On the plus side, the industry is continuing to invest in research and development at above-average levels and gaining approvals for new products, according to EY’s Pulse of the Industry report, which strikes an optimistic note overall.

“The medtech industry proved it is incredibly resilient, as we’ve witnessed throughout the past few years,” Arda Ural, EY Americas industry markets leader, said in a news release. “While current geopolitical and economic challenges pose a threat, we believe public markets should rebound and medtech will be in a stronger position than before.”

Nonetheless, the industry may not repeat the double-digit revenue growth it saw in 2021, according to the report. For companies with annual revenue over $500 million, sales grew 16% on average last year, fueled by demand for Covid-19 testing and research. Average revenue growth has fallen this year to over 6%.

“It is not yet clear whether the industry’s outstanding performance in 2021 is a one-off impact of the pandemic or a secure basis for ongoing growth,” according to the EY report.

Given the uncertainty in the broader economy, investors also have been pulling back. Total medtech financing fell 30% for the year ending June 30, with smaller companies seeing an even bigger drop. The report noted a 35% decline in the amount of capital raised by companies with less than $500 million in revenue. The first half of this year also saw a “rapid decline” in the IPO market for medtech companies, EY said, as well as a slowdown in mergers and acquisitions.
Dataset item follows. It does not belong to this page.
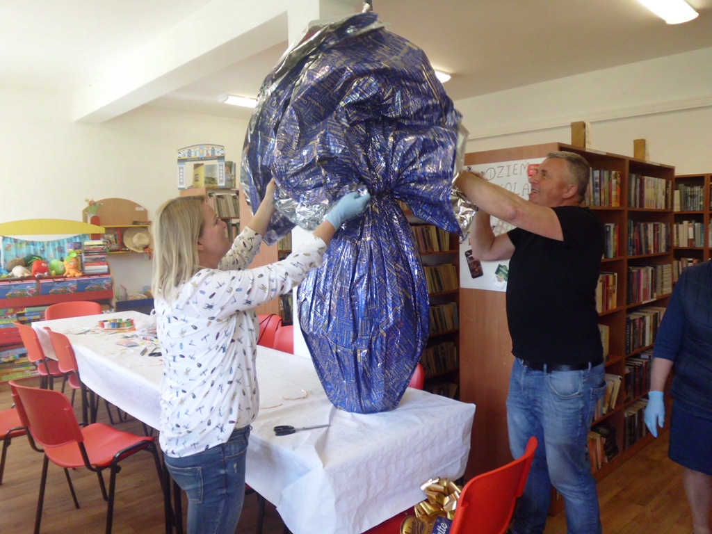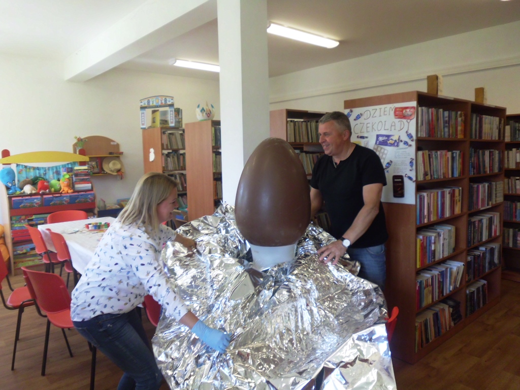Filia Biblioteki Publicznej Gminy Kłodzko w Starym Wielisławiu nie próżnuje i wciąż poszukuje czegoś nowego… Tym razem pani bibliotekarka Ewa wraz z mężem, po majówce spędzonej we Włoszech przytargała do Polski ośmiokilogramowe jajo pełne słodyczy...

Total M&A spending was up 24% for the 12 months ending June 30, EY said. However, deal volume was concentrated in the latter half of 2021.

“The overall MedTech M&A and innovation ecosystem continues to remain intact, but near-term storm clouds are likely to pause transactions volumes into 2023,” John Babitt, Americas medtech transactions leader for Ernst & Young, said in the report.

Despite the headwinds, the report argues the medtech industry has proven resilient in the past and can continue to do so. However, EY suggests companies should focus on four areas: innovating to keep up with advances in digital technologies; exploring new commercial models; shoring up their supply chains; and honing new approaches to recruiting and retaining talent.

“This is the time for medtech executives to reimagine their business models and think of opportunities beyond the upcoming slowdown,” Ural said.